I know from experience that nothing calls attention to rowdy
children more than a parent going mental trying to rein them in, and that it's
usually the parent, not the children, who ends up looking worse to everyone
else. In public, you're actually best off keeping a "ha-ha aren't they
adorable" demeanour even if you actually want to throttle them into
behaving like automatons. So beyond a few well-placed admonishments and
suggestions that they help me find [ginger/red peppers/flour], I tried to
ignore them and just be glad everyone was having fun - though by now the the
fun was veering worryingly towards hopped-up-on-Twinkies levels. We passed a
middle-aged couple on the way down the veg aisle and the man's eyes twinkled as
he said with a smile "You know they're just way too cute, don't you?"
I told him he could have them, but at least they were happy.
I could tell by the over-hyped happy that we were probably
just a few minutes from meltdown. It arrived at the self-checkouts (such hubris
even trying that, but the lines for the cashiers were long) when, after Mabel
got to press the buttons for three vegetables, I let Dash do the bagels. (We
were buying some others, not just weighing the invisible ones.) Sunshine turned
to rain in a flash, as it does with my Mabel, and there was shouting and
insubordination. Luckily, I suggested she sit in the now empty trolley, and she
got in there and hid her face, but continued to yell at us, cruel deniers of
button-pushing joy.
We got out, we got into the car, we went home and had lunch.

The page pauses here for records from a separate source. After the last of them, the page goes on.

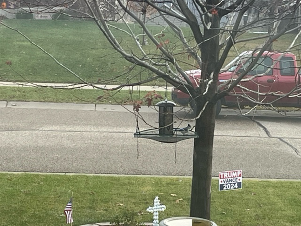 Location: Delano MN Four separate birds visit our homes bird feeder. |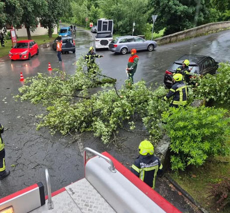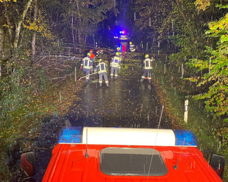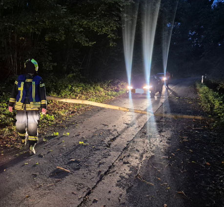 Aufgrund mehrerer umgestürzter Bäume rückten wir heute Morgen nach Gumpersdorf aus.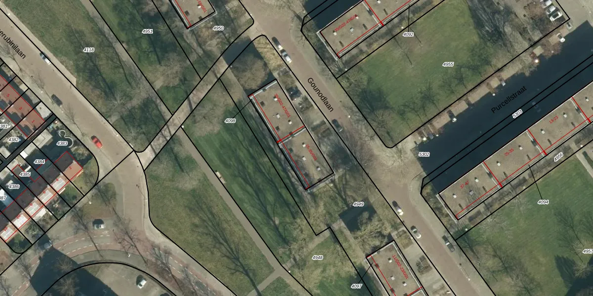 Het perceel waarop Gounodlaan 35 staat heeft een oppervlakte van 412 m². Dit is een groot perceel. De perceeloppervlakte wordt geregistreerd door het Kadaster. Gedetailleerde informatie over de maten van dit perceel kunt u vinden in het rapport Kadastrale kaart met maatvoering van Gounodlaan 35.
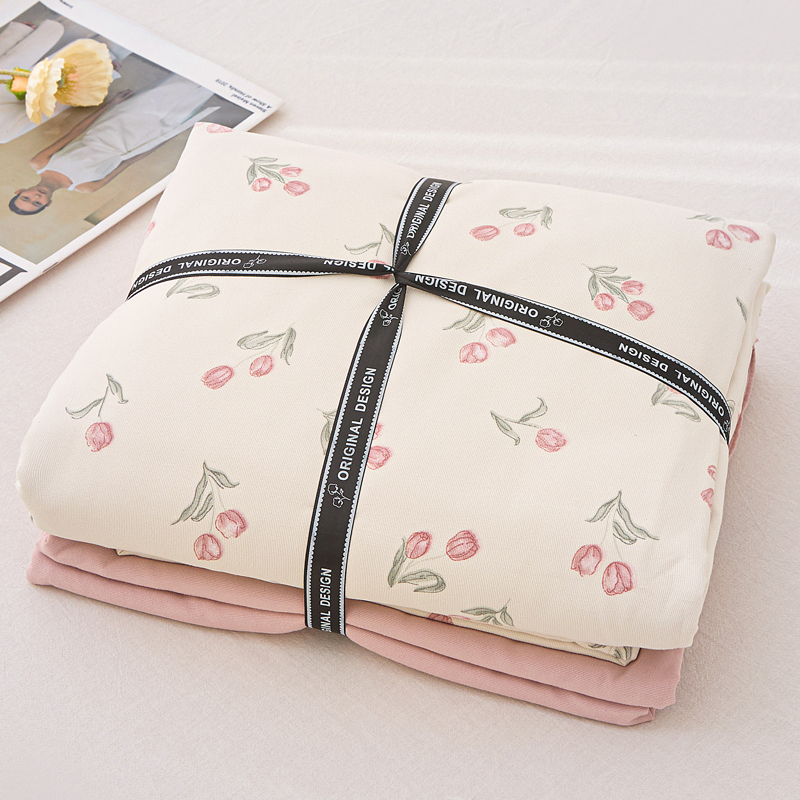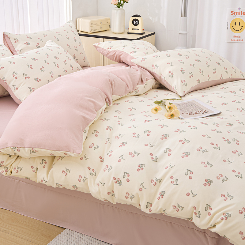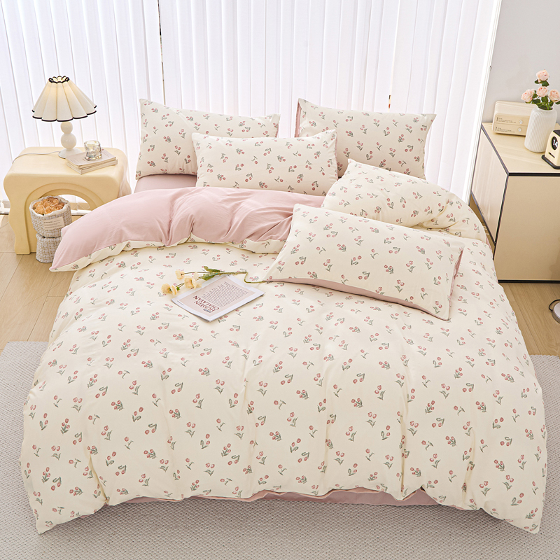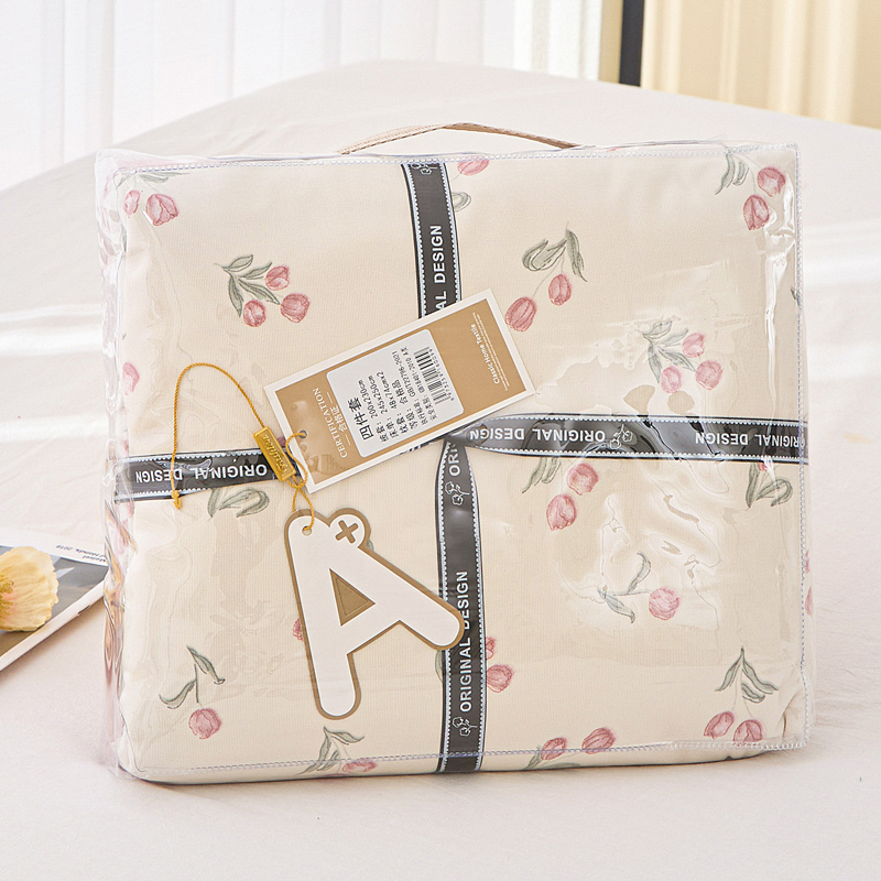 商品名称:蕾诺家纺 2025新款直播新款A类有氧提花云纱棉圆角吊边工艺四件套学生三件套 少女花季

What was my point, exactly? Well, it was to tell the story of our
almost-right-up-to-the-end successful trip to the supermarket, but also to
illustrate how trying to keep up appearances (having well-behaved kids in the
supermarket) tends to backfire, until it doesn't, but you're done for anyway
and there's really no graceful exit strategy because children are, to all
intents and purposes, wild beings. We are here to civilise them, but it's a
long and winding road. They're still a work in progress.